The new album by Fire! Orchestra brings vocals to the fore, interspersed with electrical flurries of horns and keys, finds Euan Andrews

Since its inception in 2012, Fire! Orchestra has released a string of records accompanied by titles which resemble declarations of intent and processes of becoming: Exit!, Enter, Ritual and now Arrival. These words have clearly not been assigned arbitrarily to the music contained within their remits. Those first two albums had a sense of trying to push, through sheer force and tempestuous will, toward heightened realms in which the passage or journey was the most important factor while 2016's Ritual overreached itself bursting at the seams with cacophonous longed-for spiritual fervour it could never quite attain.

This procession of recordings has also seen Fire! Orchestra gradually streamline its membership ranks from Exit!'s 28 musicians down to Arrival's slightly more malleable 14. It's a downscaling reflected in this latest record's more nuanced approach to song form and performance, both individually and ensemble-based, within a carefully structured and interconnected double-album length piece of music. Whereas previously Fire! Orchestra's use of voice and words seemed to be just another embellishment mixed into tumultuous crescendos of free-playing and compositional escalations, Arrival places vocalists Mariam Wallentin and Sofia Jernberg almost centre-stage. These are seven songs; splintered and occasionally fracturing into extended rumbling instrumental stanzas but most definitely songs.

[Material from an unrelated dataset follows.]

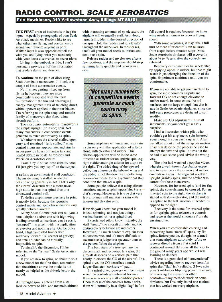RADIO CONTROL SCALE AEROBATICS 1 rTY2 41 I.i1 ] rTYYZ 11 r- i- i ItI1 THE FIRST order business beg inputespecially photographs Scale Aerobatic machines Readers like see what others flying can enjoy seeing favorite airplane print Written input also appreciated tell what flying what need help latest discoveries secret tricks Living outback I cant personally provide information readers desire deserve continue path discussing Scale Aerobatic maneuvers Ill look couple basic autorotative events No Im getting mixed up flying helicopters commonly associated term autorotation fun challenging energy-management task touching down power applied rotor blades Im referring spin-snap-and-tumble family maneuvers fixed-wing aircraft perform basic autorotative maneuver simple upright inside spin maneuvers competition events generate much controversy spins Whether aircraft stalled upon entry remained fully stalled what control inputs appropriate similar issues provide hours hangar talk heated debate Scale Aerobatics Precision Aerobatics circles wont try solve debates Ill just give spin subject spin asymmetrical stall condition inside wing stalled outside wing generally Thats aircraft descends more-nosehigh attitude spiral dive downward vertical roll define spin precisely print mostly folly because requisite control inputs spin characteristics vary greatly between aircraft As Scale Combat pals can tell small airplane and/or high wing loading small tail surfaces can easily snapped spin application elevator nothing else other hand lightly-loaded trainer relatively forward CC center gravity small rudder can virtually impossible spin simplify discussion Ill referring typical Scale Aerobatics model new spins about spin new model first time remember altitude above model nearly helpful altitude below model An upright spin entered stall Reduce power idle maintain altitude increasing amounts up elevator airplane will eventually stall As does input full rudder desired direction spin Hold rudder up elevator throughout maneuver cases thats model needs initiate continue spin Release rudder up elevator after few rotations airplane should stop spinning fairly quickly recover dive Some airplanes will enter maintain spin application aileron along elevator rudder aileron application will same direction rudder upright spin eg right rudder right aileron spin right added drag upwarddeflecting aileron inboard wing added lift downward-deflecting aileron contribute asymmetrical stall condition makes spin Some people believe using aileron somehow makes spin impossible Sorry thats wrong However true very few airplanes will maintain spin aileron elevator know model indeed spinning just doing vertical barrel roll spiral dive Experienced pilots know instantly stall break aircraft attitude exit/recovery behavior indicators However its much harder explain demonstrate its difficult ascertain judge spectator person flying airplane best signs true spin descent path recovery spin aircraft descends vertical path nearly intersects CG aircraft spiral dive CC describes muchlarger-diameter corkscrew path spiral dive recovery will instant controls released because never stall condition present Upon release controls spin will normally slight lag before full control regained because inner wing needs moment recover flying speed some airplanes may take full turn after controls released spin before rotation stops Most Scale Aerobatic airplanes will recover about turn after controls released Recovery can sometimes accelerated applying opposite rudder might result just changing direction spin Experiment altitude until comfortable able get airplane spin common culprits forward CC enough elevator rudder travel some cases tail surfaces large enough rare Scale Aerobatic airplanes since full-scale prototypes designed spin readily Make CC adjustments small increments dont get nasty surprise discussion pilot couldnt get airplane spin inverted though spun easily upright After talked about setup parameters him describe process used attempt inverted spin turns out taken some good advice wrong way pilot watched popular video wherein well-known Aerobatics expert said never cross aileron rudder controls spin segment involved upright inside spins advice correct maneuvers However inverted spins flat spins controls must crossed inverted spin right airplane stalled down elevator rudder applied left Aileron needed applied right Recovery same inverted spins upright spins release controls recover model smoothly ensuing dive comfortable entering recovering normal spins try flat spins Before though warned some airplanes absolutely refuse recover directly flat spin continued several flat spins way ground years ago learning great deal conventional advice regarding recover flat spins flat isnt reliable love spin puns Adding blipping power releasing reversing elevator other controlsmany methods work some airplanes Ive found method has worked airplane 112 Model Aviation enter flat spin before recovery issue Flat spins often entered normal spin Start higher altitude normal until familiar airplanes recovery habits Enter spin usual after spin stabilized slowly apply opposite aileron input upright flat spin right enter up elevator right rudder ailerons slowly cross ailerons left holding full right rudder full up elevator nose aircraft should raise slightly flat spin should develop Some airplanes will flat-spin extremely shallow nose-down attitudes rate fuselage will much flatter attitude normal spin descent rate will noticeably less flat spin normal spin certain aircraft flat spin can made flatter releasing possibly reversing elevator and/or adding bit throttle Others may recover fall back normal spin control changes Only flight testing will tell certain what airplane will first attempts flat spin dont wait too long initiate recovery Its easy get mesmerized maneuver allow room recovery After few turns flat spin initiate universal flat-spin recovery method call universal because its met

As such, Arrival represents a definite marker between the Orchestra and the core Fire! trio of Mats Gustafsson, Johan Berthling and Andreas Werliin. Fire!'s recent albums have also involved a stripping-bare of their sound to its essential core and that same reduction applied to the Orchestra has resulted in two very distinct musical units.

Opener '(I Am A) Horizon' begins with plucked and bowed strings and a distant melody picked out with breathy bass notes. There is a sense of vertigo and of hovering outside portals before a delicate keyboard pattern emerges setting up a theme and place. Wallentin and Jernberg sing at once; one voice direct and strident while the other higher as if extolling or pleading with graces. A cover of Robbie Basho's 'Blue Crystal Fire' is a smouldering gem to clasp close in the darkness while 'Silver Trees' envisages a new world as though seen for the first time and recognised as home. The musicians counter these voices with sharp electrical flurries from horns, keys and rhythm sections and oceanic drift courtesy of the Orchestra's new string quartet.

The final track, a cover of Chic's 'At Last I Am Free', is the perfect encapsulation and conclusion; the desperate longing of “I'm lonely, please listen to what I say, I can't go on living life this way” rises up into a tearstruck hymn of hope. To wish to arrive is to dream of aspiration. An arrival is an understanding of inner truths, an epiphany to be reached and the yearning to at last be free. For a while the journey is ended but with unknowns up ahead.